Stanford scholars are striving to help heal these wounds from yesteryear. Helping old enemies better understand each other today is the aim of the Divided Memories and Reconciliation project, a multi-year comparative study of the formation of historical memory regarding the wartime period in countries such as China, Japan, South Korea, Taiwan and the United States.

Left unattended, misguided wartime narratives may exacerbate current disputes to the point of armed conflict, said Daniel Sneider, associate director of research at Stanford's Shorenstein Asia-Pacific Research Center. He leads the Divided Memories project along with Gi-Wook Shin, a Stanford sociology professor and the Shorenstein center director.

Sneider points out the critical importance of textbooks and what is taught in schools – especially given the rise of nationalism among youth in China, Japan, Taiwan and South Korea.

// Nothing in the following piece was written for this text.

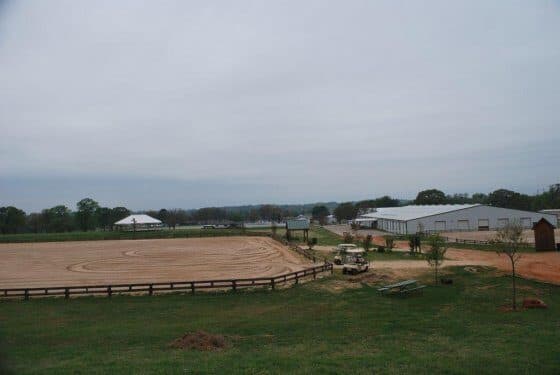 Texas Rose Horse Park plays host to equestrian activities of many kinds. The facility has 350 12x12 permanent stalls and room for 350 more. With three outdoor arenas with all-weather footing and two warm-up arenas, plus a large indoor arena, there is space for everyone to ride. The Capt. Mark Phillips designed cross-country course (pictured right) features some of the best sandy footing in the country. Other amenities include RV hook-ups, an on-site saloon, and a fully stocked fishing pond. Watch a video about Texas Rose.

"Dialogue among youth of the different nations is needed, along with an appreciation for the diversity of views and the complexity of history," he said.

Shin said, "Each nation in northeast Asia and even the U.S. has selective or divided memories of the past, and does not really understand the views of the other side."

Education and history

Launched in 2006, the Divided Memories project has published research findings, issued recommendations and convened conferences. In the early days, the researchers examined high school history textbooks in China, Japan, Korea, Taiwan and America.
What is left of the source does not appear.